**Records to use**
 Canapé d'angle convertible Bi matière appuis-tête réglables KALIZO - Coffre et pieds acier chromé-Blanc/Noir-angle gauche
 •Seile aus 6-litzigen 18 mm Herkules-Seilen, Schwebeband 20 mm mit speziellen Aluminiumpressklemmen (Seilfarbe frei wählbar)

...

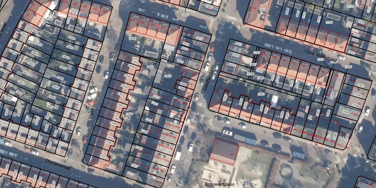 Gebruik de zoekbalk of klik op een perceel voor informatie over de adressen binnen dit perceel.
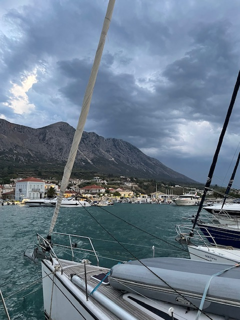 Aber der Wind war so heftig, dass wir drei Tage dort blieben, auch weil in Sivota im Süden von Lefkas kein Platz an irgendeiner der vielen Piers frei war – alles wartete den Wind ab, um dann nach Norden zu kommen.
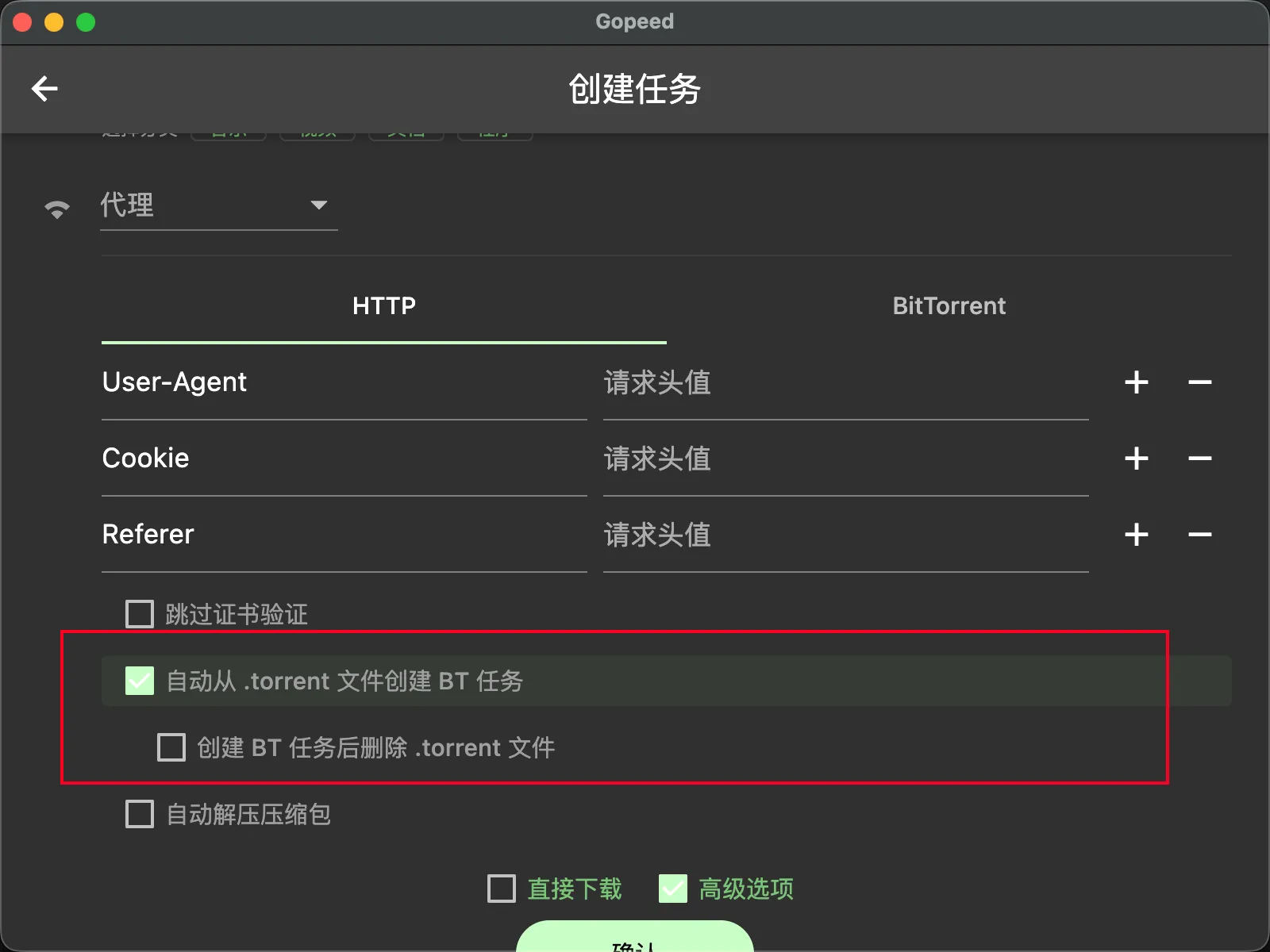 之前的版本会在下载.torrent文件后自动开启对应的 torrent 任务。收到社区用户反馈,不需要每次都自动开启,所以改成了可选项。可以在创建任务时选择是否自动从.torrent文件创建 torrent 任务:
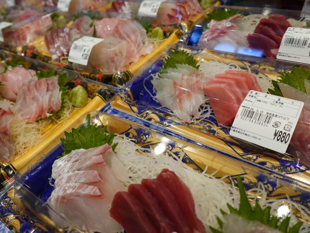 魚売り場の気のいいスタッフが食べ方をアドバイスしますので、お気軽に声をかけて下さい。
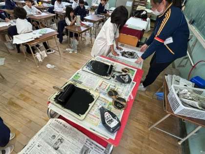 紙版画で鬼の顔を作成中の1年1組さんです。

==

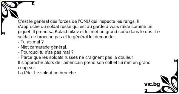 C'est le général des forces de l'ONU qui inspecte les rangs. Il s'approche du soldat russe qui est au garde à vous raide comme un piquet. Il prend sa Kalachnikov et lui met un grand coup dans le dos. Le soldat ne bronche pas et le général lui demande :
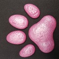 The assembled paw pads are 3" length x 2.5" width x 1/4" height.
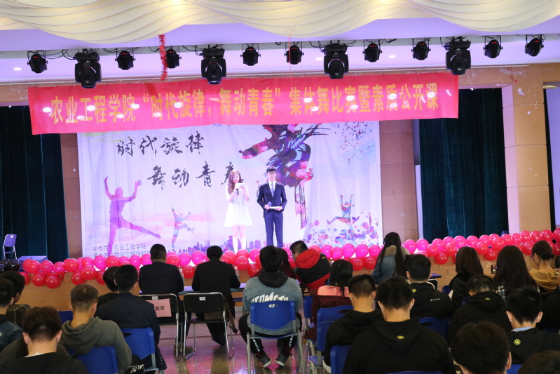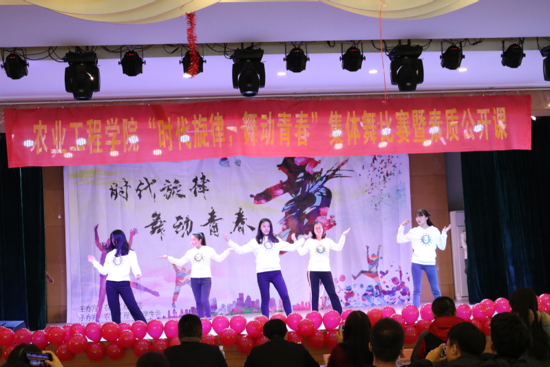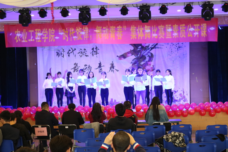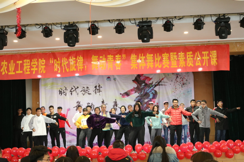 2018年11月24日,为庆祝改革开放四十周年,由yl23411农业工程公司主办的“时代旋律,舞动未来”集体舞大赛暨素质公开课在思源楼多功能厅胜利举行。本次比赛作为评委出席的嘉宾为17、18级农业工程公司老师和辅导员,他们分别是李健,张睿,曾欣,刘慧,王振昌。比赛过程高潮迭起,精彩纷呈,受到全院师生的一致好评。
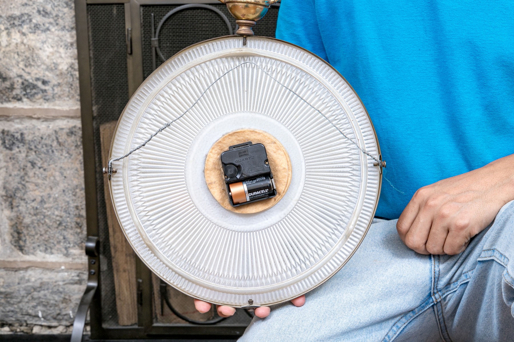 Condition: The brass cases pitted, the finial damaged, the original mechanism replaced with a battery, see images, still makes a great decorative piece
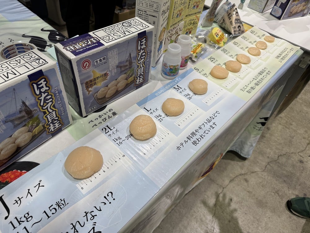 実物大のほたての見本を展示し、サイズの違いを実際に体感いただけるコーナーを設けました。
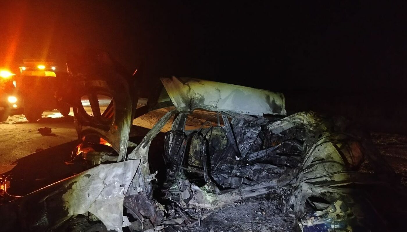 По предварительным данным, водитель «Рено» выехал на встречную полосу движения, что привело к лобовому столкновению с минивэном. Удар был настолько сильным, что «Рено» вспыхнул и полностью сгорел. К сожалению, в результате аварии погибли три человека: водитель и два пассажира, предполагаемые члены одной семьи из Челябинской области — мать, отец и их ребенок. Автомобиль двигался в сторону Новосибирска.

**Task statement**
In the records above, find the line with "Canapé d'angle convertible"; write out exactly that line and each one after it, stopping after the line with "(Seilfarbe frei wählbar)".

**Written answer**
 Canapé d'angle convertible Bi matière appuis-tête réglables KALIZO - Coffre et pieds acier chromé-Blanc/Noir-angle gauche
 •Seile aus 6-litzigen 18 mm Herkules-Seilen, Schwebeband 20 mm mit speziellen Aluminiumpressklemmen (Seilfarbe frei wählbar)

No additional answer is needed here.